===== Records to process
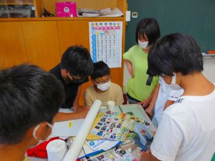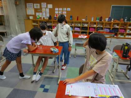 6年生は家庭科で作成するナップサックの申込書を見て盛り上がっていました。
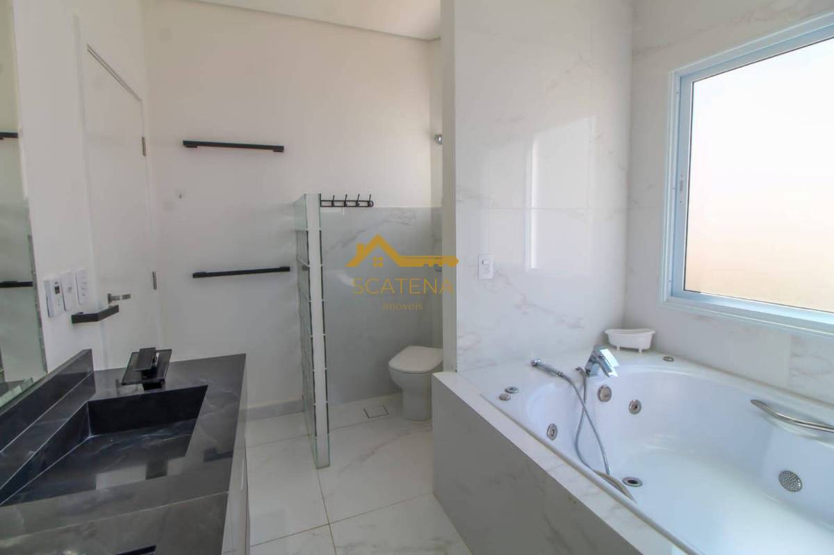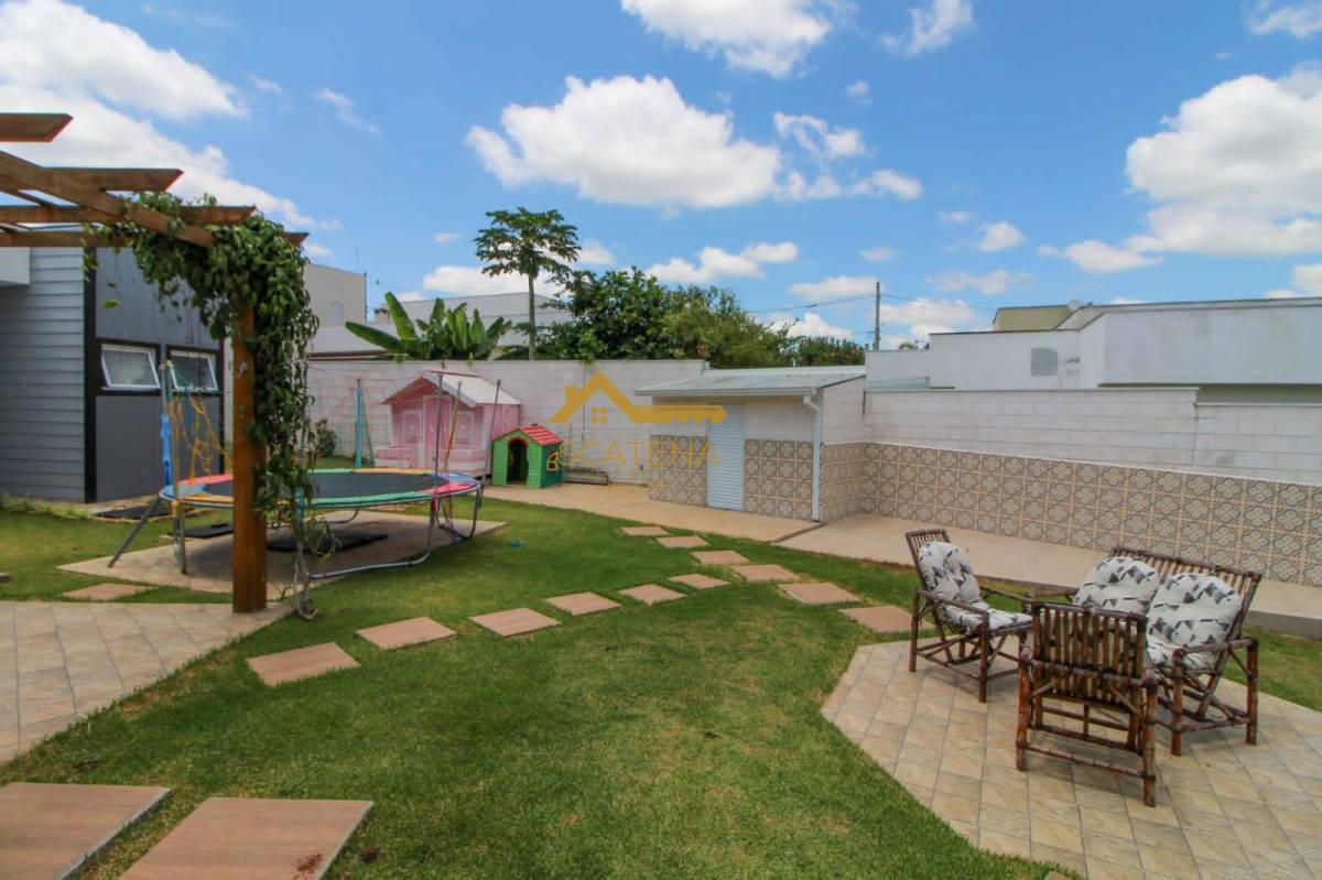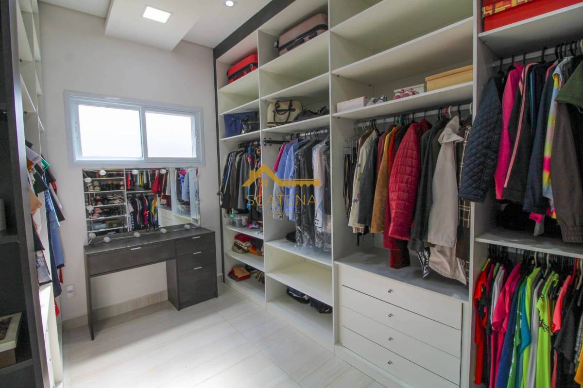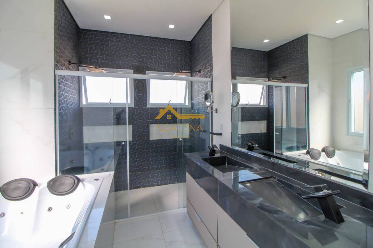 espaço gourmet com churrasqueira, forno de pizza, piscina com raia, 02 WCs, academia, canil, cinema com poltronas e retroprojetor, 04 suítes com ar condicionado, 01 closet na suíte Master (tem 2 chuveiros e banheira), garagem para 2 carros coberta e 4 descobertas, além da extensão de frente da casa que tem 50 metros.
==========
===== Records to process
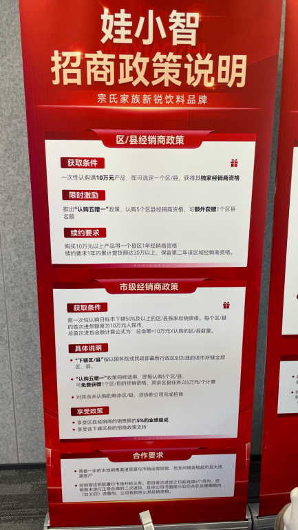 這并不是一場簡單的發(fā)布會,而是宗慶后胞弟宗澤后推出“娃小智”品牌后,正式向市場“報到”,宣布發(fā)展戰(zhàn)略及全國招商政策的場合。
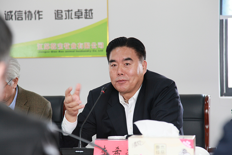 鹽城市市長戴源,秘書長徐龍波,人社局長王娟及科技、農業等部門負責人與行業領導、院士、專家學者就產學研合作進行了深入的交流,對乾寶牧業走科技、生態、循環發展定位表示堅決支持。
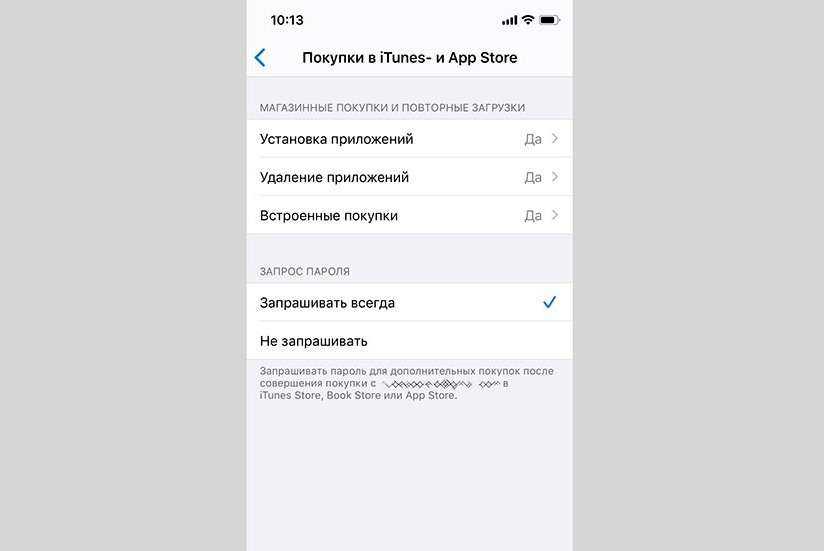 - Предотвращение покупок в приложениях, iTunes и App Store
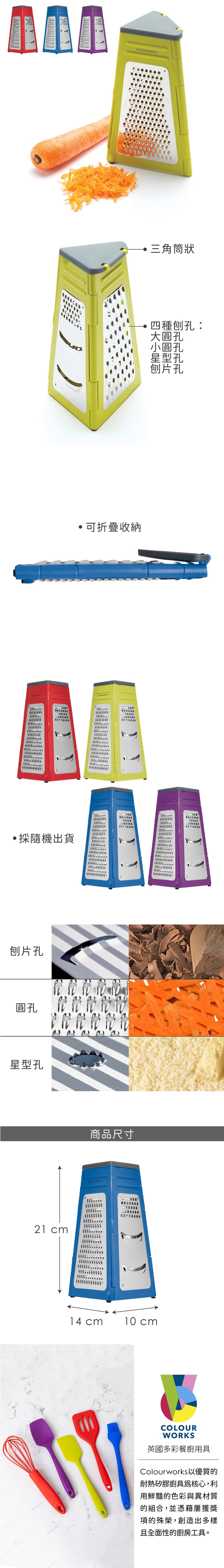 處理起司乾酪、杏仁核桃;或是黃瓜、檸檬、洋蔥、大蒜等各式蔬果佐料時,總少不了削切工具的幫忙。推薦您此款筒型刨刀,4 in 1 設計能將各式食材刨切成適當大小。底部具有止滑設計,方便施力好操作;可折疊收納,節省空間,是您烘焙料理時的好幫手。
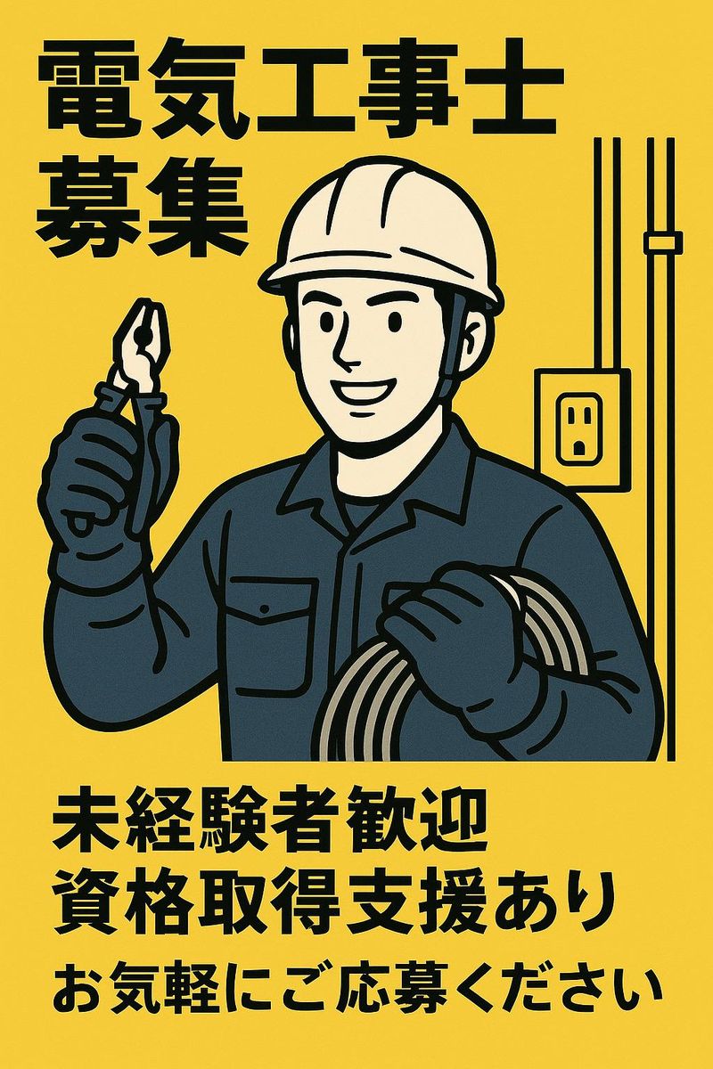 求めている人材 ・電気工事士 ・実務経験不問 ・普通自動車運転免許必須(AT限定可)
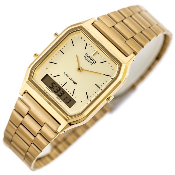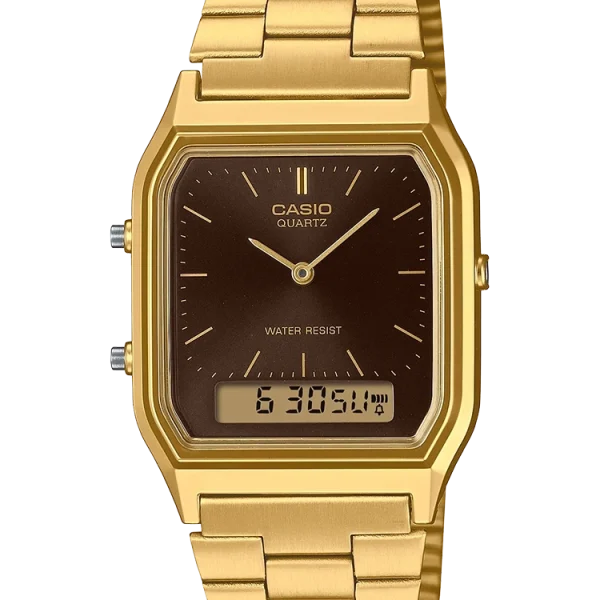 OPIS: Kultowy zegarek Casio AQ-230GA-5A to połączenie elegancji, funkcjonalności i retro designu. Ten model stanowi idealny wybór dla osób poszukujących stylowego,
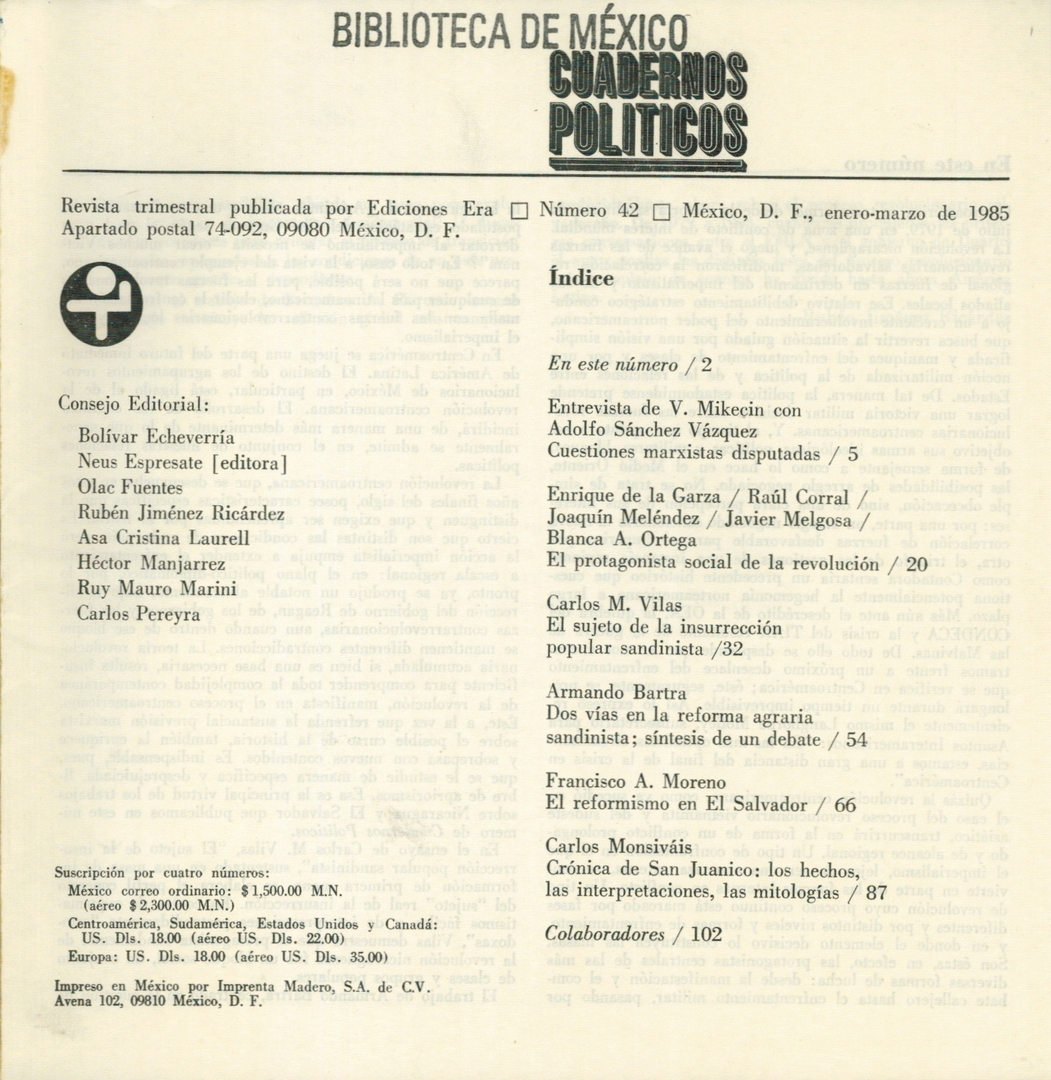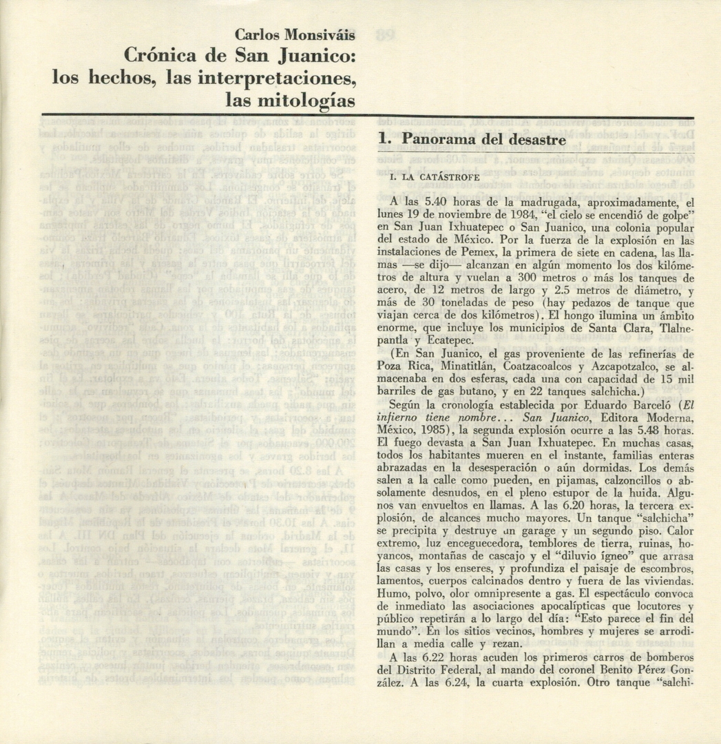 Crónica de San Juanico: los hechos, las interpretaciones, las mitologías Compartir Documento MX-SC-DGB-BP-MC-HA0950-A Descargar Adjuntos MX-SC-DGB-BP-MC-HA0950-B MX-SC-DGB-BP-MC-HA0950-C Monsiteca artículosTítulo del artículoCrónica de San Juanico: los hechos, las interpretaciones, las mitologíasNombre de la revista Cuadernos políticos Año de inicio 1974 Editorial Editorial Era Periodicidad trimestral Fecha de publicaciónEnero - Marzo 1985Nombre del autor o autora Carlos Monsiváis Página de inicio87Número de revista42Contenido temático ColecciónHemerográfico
==========
Above are some entries. Restate word for word the lines from the one holding "求めている人材 ・電気工事士 ・実務経験不問 ・普通自動車運転免許必須(AT限定可)" through the one holding "revista42Contenido temático ColecciónHemerográfico", but not the pictures.

 求めている人材 ・電気工事士 ・実務経験不問 ・普通自動車運転免許必須(AT限定可)
 OPIS: Kultowy zegarek Casio AQ-230GA-5A to połączenie elegancji, funkcjonalności i retro designu. Ten model stanowi idealny wybór dla osób poszukujących stylowego,
 Crónica de San Juanico: los hechos, las interpretaciones, las mitologías Compartir Documento MX-SC-DGB-BP-MC-HA0950-A Descargar Adjuntos MX-SC-DGB-BP-MC-HA0950-B MX-SC-DGB-BP-MC-HA0950-C Monsiteca artículosTítulo del artículoCrónica de San Juanico: los hechos, las interpretaciones, las mitologíasNombre de la revista Cuadernos políticos Año de inicio 1974 Editorial Editorial Era Periodicidad trimestral Fecha de publicaciónEnero - Marzo 1985Nombre del autor o autora Carlos Monsiváis Página de inicio87Número de revista42Contenido temático ColecciónHemerográfico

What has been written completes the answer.